Why It’s Important For Entrepreneurs To Scale Their Start-Ups
To be their own boss, more people are quitting their 9-to-5 jobs. Unfortunately, the majority of entrepreneurs who start businesses fail by year five, with a few notable outliers like Mark Zuckerberg, Bill Gates, and Elon Musk. Only 33% of startups survive by year 10, while over 50% survive for five years or more.
Most business owners do not scale, or change their leadership approach as their company expands. This may all seem rather depressing. However, business owners lose steam because they commit one or more frequent errors, such as neglecting the competition, picking the wrong market to target, picking the incorrect location, or not having enough funds. To increase their chances of success, entrepreneurs should be aware of some of the largest blunders.

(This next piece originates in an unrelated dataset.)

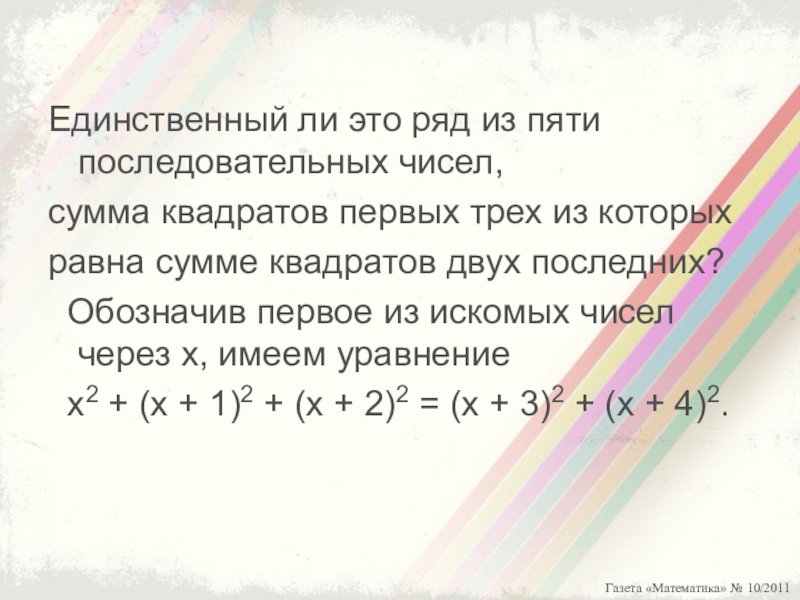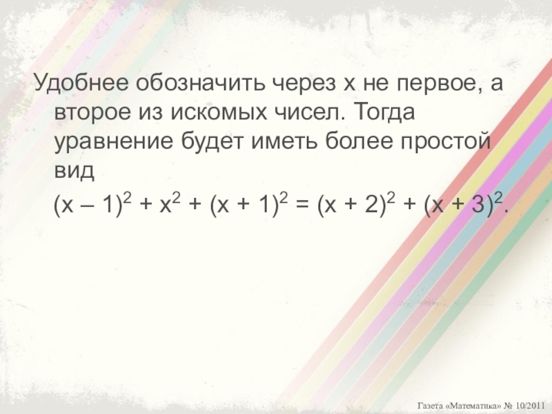 (x – 1)2 + x2 + (x + 1)2 = (x + 2)2 + (x + 3)2.

1. Targeting the wrong market
Every business that advertises in the incorrect market is doomed to failure. Going too broad or too narrow, focusing on non-buyers, and failing to take into consideration demographic and psychographic criteria like gender, age, interests, hobbies, and buying behaviors are common segmentation errors to avoid.

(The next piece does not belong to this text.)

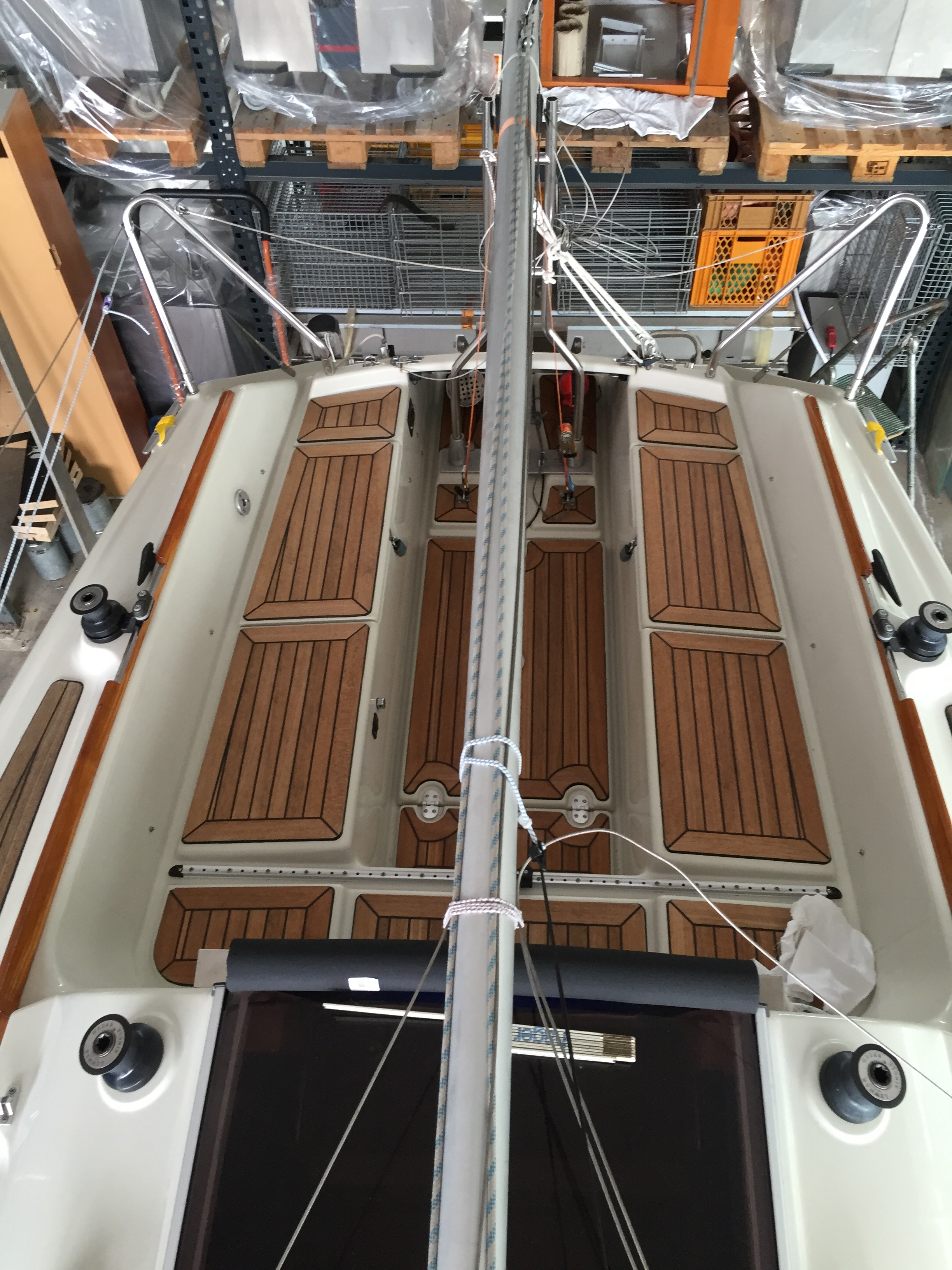 habe diesen Sommer in Italien festgestellt, dass sich der originale Decksbelag an schönen Sommertagen so stark aufheizt, dass man barfuß darauf nicht mehr laufen kann. Allerdings konnte ich auf dem Teakdeck im Cockpit immer gut barfuß stehen. Anscheinend überträgt das Teak die Hitze nicht so auf die Füße.

If a market evaporates as a result of natural disasters, political unrest, tightened restrictions, or other uncontrollable causes, even the strongest company concepts are destined to failure. While natural disasters and military conflicts are difficult to forecast, start-ups must assess if the market is large enough to support both them and their rivals.
2. Choosing a bad location
Success depends on location, especially for enterprises that depend on foot traffic. A poor site results in lower visibility, fewer walk-in customers, and lower sales. The ability of a site to accommodate a new business, parking, traffic, accessibility, and the location of potential customers are crucial aspects to take into account when evaluating a site’s potential for retail. However, there are ways to get customers to a retail store even if there isn’t much foot traffic. These include maximizing retail signage, placing signs in high-traffic areas, handing out leaflets, taking part in neighborhood events, and joining community groups.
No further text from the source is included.